━━━━━ DATA SECTION

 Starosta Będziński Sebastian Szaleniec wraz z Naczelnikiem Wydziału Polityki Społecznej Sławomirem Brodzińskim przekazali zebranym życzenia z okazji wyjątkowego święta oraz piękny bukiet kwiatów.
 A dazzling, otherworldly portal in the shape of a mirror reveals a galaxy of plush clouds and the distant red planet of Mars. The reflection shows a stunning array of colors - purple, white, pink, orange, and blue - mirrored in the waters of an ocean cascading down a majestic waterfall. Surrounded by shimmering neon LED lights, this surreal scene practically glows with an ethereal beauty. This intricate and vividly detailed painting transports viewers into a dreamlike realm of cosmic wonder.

━━━━━━━━━━
━━━━━ DATA SECTION

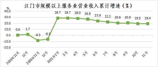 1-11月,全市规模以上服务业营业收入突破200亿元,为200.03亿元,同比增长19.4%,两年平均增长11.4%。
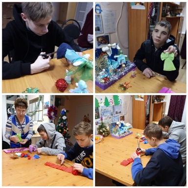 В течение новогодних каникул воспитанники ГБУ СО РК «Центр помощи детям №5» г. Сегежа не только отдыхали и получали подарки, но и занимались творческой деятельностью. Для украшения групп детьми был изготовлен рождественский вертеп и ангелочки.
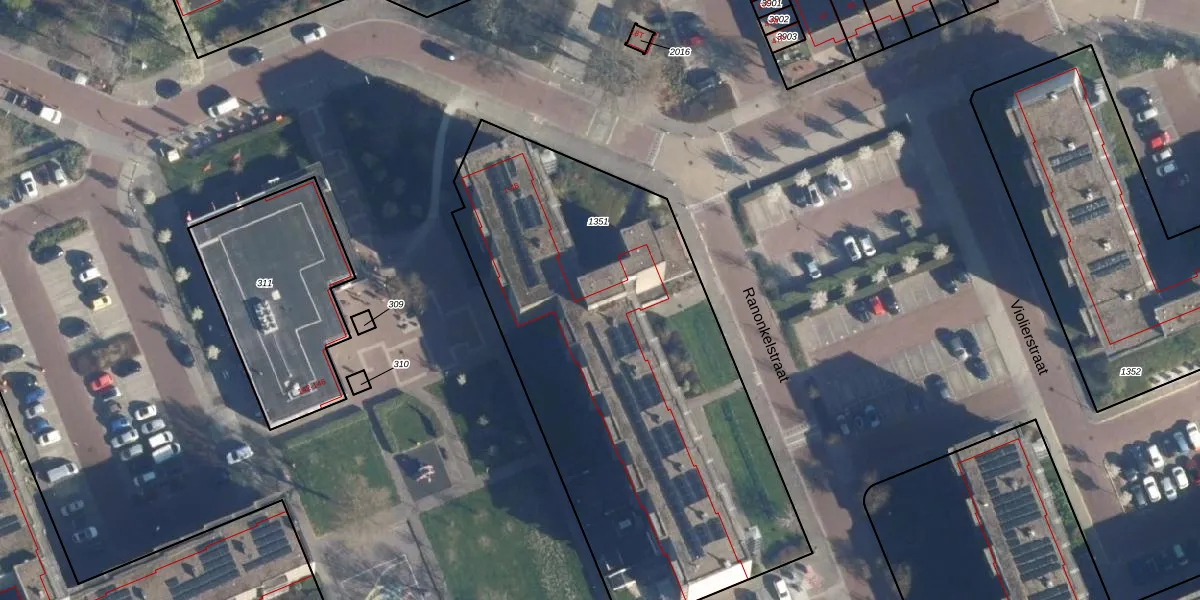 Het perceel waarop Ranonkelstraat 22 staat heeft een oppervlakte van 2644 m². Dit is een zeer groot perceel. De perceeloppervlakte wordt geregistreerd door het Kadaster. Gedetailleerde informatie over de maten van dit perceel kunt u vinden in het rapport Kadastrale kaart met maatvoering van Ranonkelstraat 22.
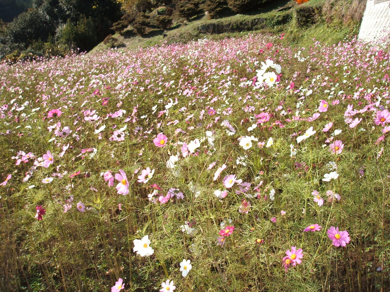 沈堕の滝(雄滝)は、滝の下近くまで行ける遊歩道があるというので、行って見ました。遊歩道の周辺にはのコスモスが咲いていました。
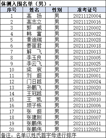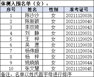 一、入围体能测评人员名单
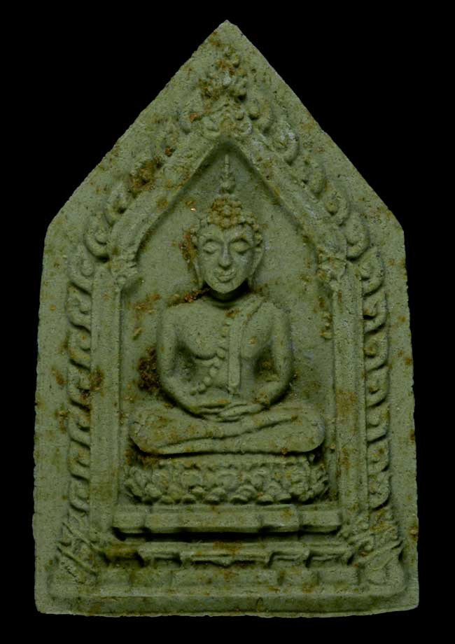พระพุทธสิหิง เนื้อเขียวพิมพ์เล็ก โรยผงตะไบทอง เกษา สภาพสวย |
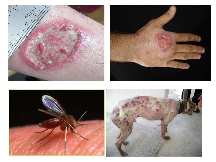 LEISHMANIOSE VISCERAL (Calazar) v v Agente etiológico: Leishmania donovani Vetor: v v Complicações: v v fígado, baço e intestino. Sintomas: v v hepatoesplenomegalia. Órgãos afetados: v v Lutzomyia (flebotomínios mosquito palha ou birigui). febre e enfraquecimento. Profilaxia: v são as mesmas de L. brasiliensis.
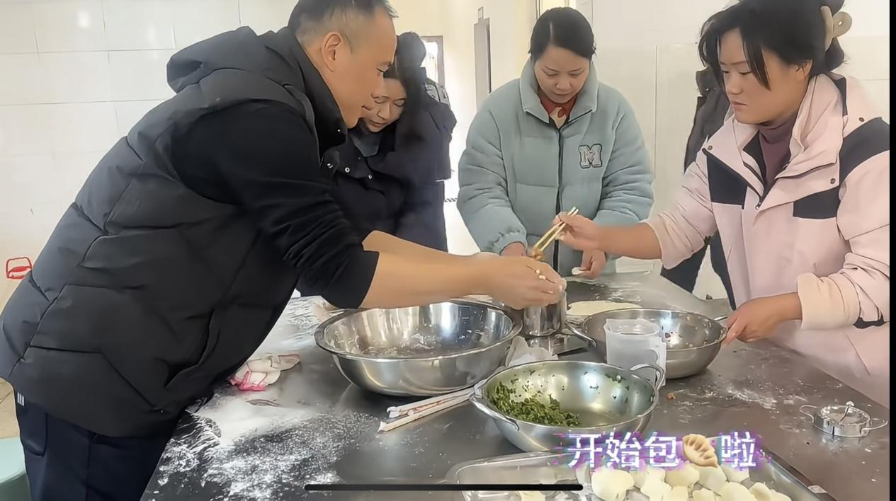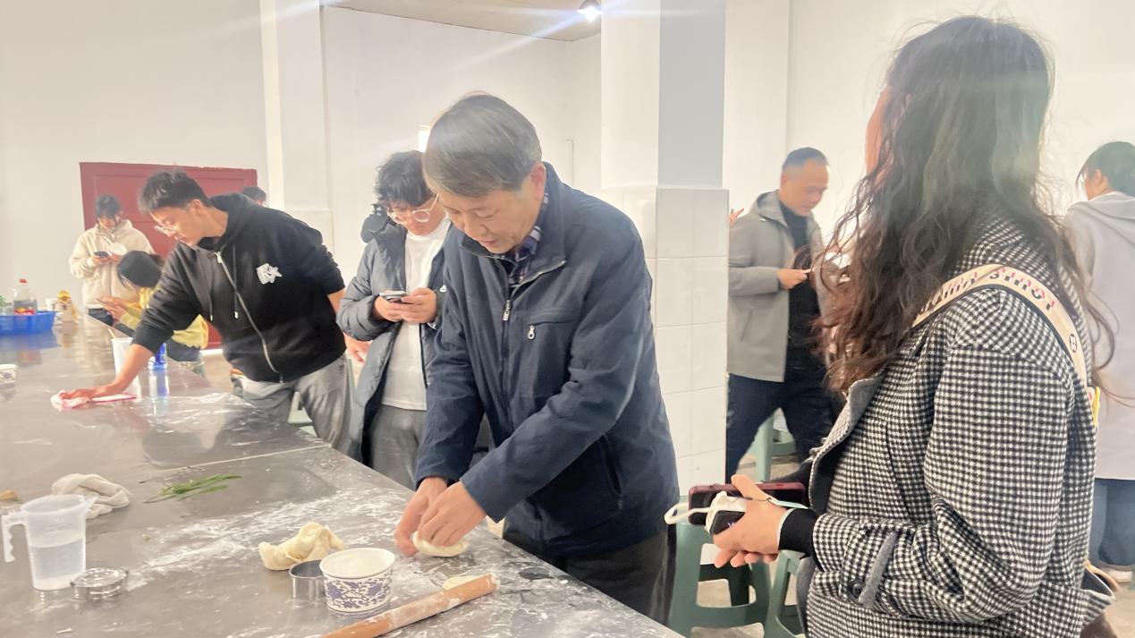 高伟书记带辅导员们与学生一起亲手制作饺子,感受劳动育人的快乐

━━━━━━━━━━

:: PROBLEM DETAILS ::
The expected output is exactly the lines of the listing above between the line holding "Starosta Będziński Sebastian" and the line holding "A dazzling, otherworldly", inclusive.

:: WRITTEN RESPONSE ::
 Starosta Będziński Sebastian Szaleniec wraz z Naczelnikiem Wydziału Polityki Społecznej Sławomirem Brodzińskim przekazali zebranym życzenia z okazji wyjątkowego święta oraz piękny bukiet kwiatów.
 A dazzling, otherworldly portal in the shape of a mirror reveals a galaxy of plush clouds and the distant red planet of Mars. The reflection shows a stunning array of colors - purple, white, pink, orange, and blue - mirrored in the waters of an ocean cascading down a majestic waterfall. Surrounded by shimmering neon LED lights, this surreal scene practically glows with an ethereal beauty. This intricate and vividly detailed painting transports viewers into a dreamlike realm of cosmic wonder.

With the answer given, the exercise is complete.